Iranians shouted slogans against Supreme Leader Ali Khamenei on Tuesday as they gathered to commemorate protesters killed in a crackdown on nationwide demonstrations that rights groups said left thousands dead, according to videos verified by AFP.

The country's clerical authorities also staged a commemoration in the capital Tehran to mark the 40th day since the deaths at the peak of the protests on January 8 and 9.

Officials acknowledge more than 3,000 people died during the unrest, but attribute the violence to "terrorist acts", while rights groups say many more thousands of people were killed, shot dead by security forces in a violent crackdown.

The protests, sparked by anger over the rising cost of living before exploding in size and anti-government fervor, subsided after the crackdown, but in recent days Iranians have chanted slogans from the relative safety of homes and rooftops at night.

On Tuesday, videos verified by AFP showed crowds gathering at memorials for some of those killed again shouting slogans against the theocratic government in place since the 1979 revolution.

In videos geolocated by AFP shared on social media, a crowd in Abadan in western Iran holds up flowers and commemorative photos of a young man as they shout "death to Khamenei" and "long live the shah", in support of the ousted monarchy.

Another video from the same city shows people running in panic from the sounds of shots, though it wasn't immediately clear if they were from live fire.

In the northeastern city of Mashhad a crowd in the street chanted, "One person killed, thousands have his back", another verified video showed.

Gatherings also took place in other parts of the country, according to videos shared by rights groups.

- Official commemorations -

At the government-organized memorial in Tehran crowds carried Iranian flags and portraits of those killed as nationalist songs played and chants of "Death to America" and "Death to Israel" echoed through the Khomeini Grand Mosalla mosque.

Iranian President Masoud Pezeshkian attended a similar event at the Imam Reza shrine in Mashhad.

Authorities have accused sworn enemies the United States and Israel of fueling "foreign-instigated riots", saying they hijacked peaceful protests with killings and vandalism.

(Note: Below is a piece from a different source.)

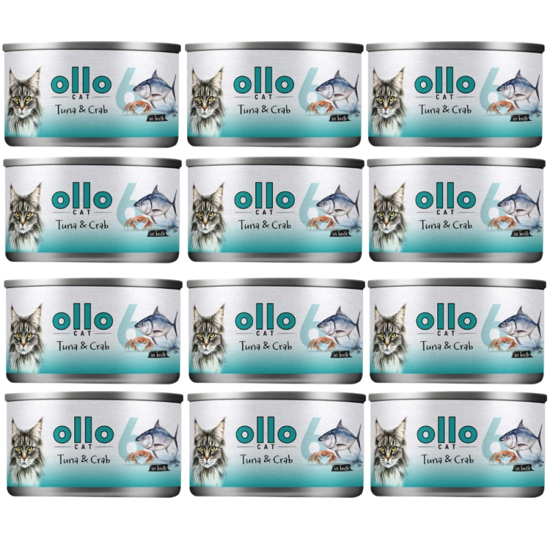Zestaw zawiera 12 sztuk Karmy mokrej dla kota Ollo nr 6 Tuńczyk i Kraba (70g)
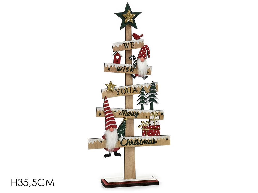ALBERO LEGNO C/GNOMO ROSSO 35cm

Senior officials, including First Vice President Mohammad Reza Aref and Revolutionary Guards commander Esmail Qaani, attended the ceremony.

"Those who supported rioters and terrorists are criminals and will face the consequences," Qaani said, according to Tasnim news agency.

International organizations have said evidence shows Iranian security forces targeted protesters with live fire under the cover of an internet blackout.

The US-based Human Rights Activists News Agency (HRANA) has recorded more than 7,000 killings in the crackdown, the vast majority protesters, though rights groups warn the toll is likely far higher.

More than 53,500 people have been arrested in the ongoing crackdown, HRANA added, with rights groups warning protesters could face execution.

Tuesday's gatherings coincided with a second round of nuclear negotiations between Iran and the United States in Geneva, amid heightened tensions after Washington deployed an aircraft carrier group to the Middle East following Iran's crackdown on the protests.